Lighting is a post-processing effect that can be used to add athmosphere to a SuperTux level, it works by darkening parts of the screen.
To accomplish this effect the game uses two layers for drawing, the
color
layer is used for regular drawing, while the light
layer is
used to draw objects to the lightmap. The lightmap layer is drawn to a
separate texture and drawn over the color
layer with multiplicative
blending, the final pixel color is thus:
framebuffer = (color * light)
The color layer itself does not exist as a separate texture, but only
implicitly.

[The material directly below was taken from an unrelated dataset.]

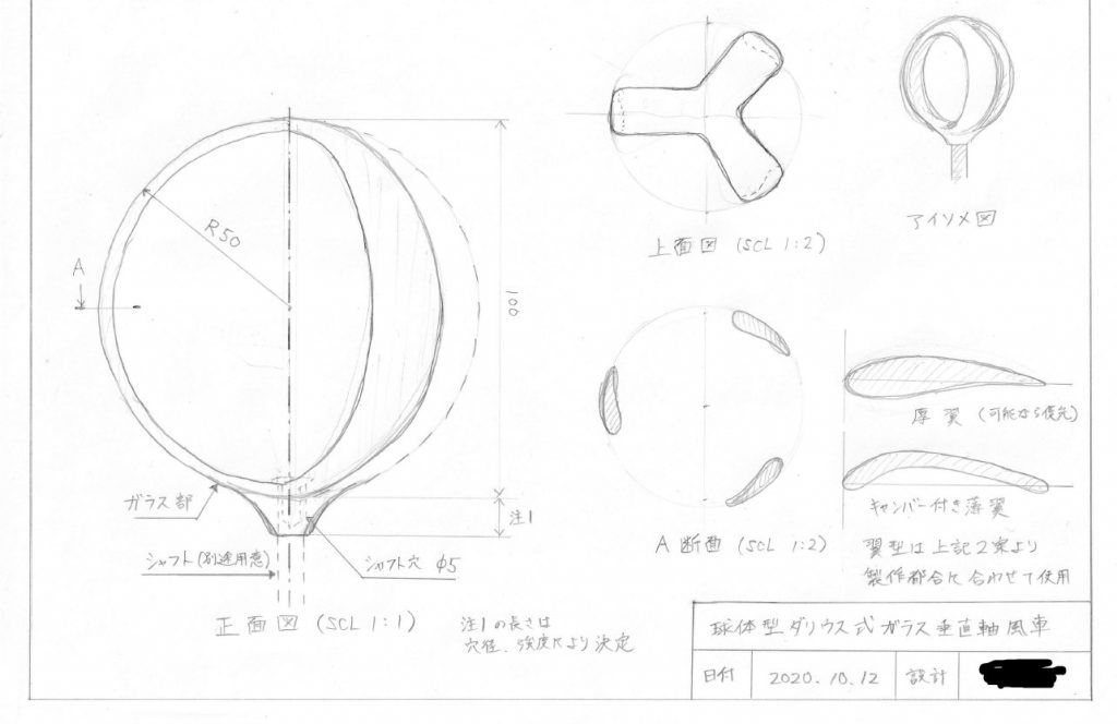 曲げ加工が容易であることから、綺麗な球体の風車をつくれないかと思い設計したのがこちらの図面です。

The lightmap is drawn over framebuffer when drawing
objects from the color layer passes z-pos == LIGHTMAP_LAYER
. All
color objects above that z-pos
will not be affected by lighting
effects, which is useful for GUI elements, but can also be used to
create lens flares effects and brightly glowing objects.
To create said lens flares add objects to the color layer with a z-pos bigger than LIGHTMAP_LAYER and set their blend mode to additive.
While lighting is primarily just for visuals, game objects can also react to lighting changes, this is done by doing a lookup of pixel color on the lightmap.
The idea behind magic lighting is that an object which only uses colors from a single color channel, say only the red one, turn completly black when illuminated by a light source that only contains colors of the other channels (blue and green).
This also works with multiple color channels at once, meaning a magenta (1,0,1) colored light will make both red and blue objects visible, while hiding green ones, while a green light will make red and blue objects disapear.
Since its very hard to actually see where a light source is located on a dark background, the highlight layer should be a copy of the light layer, thus illuminating the level better and making the light sectors visible.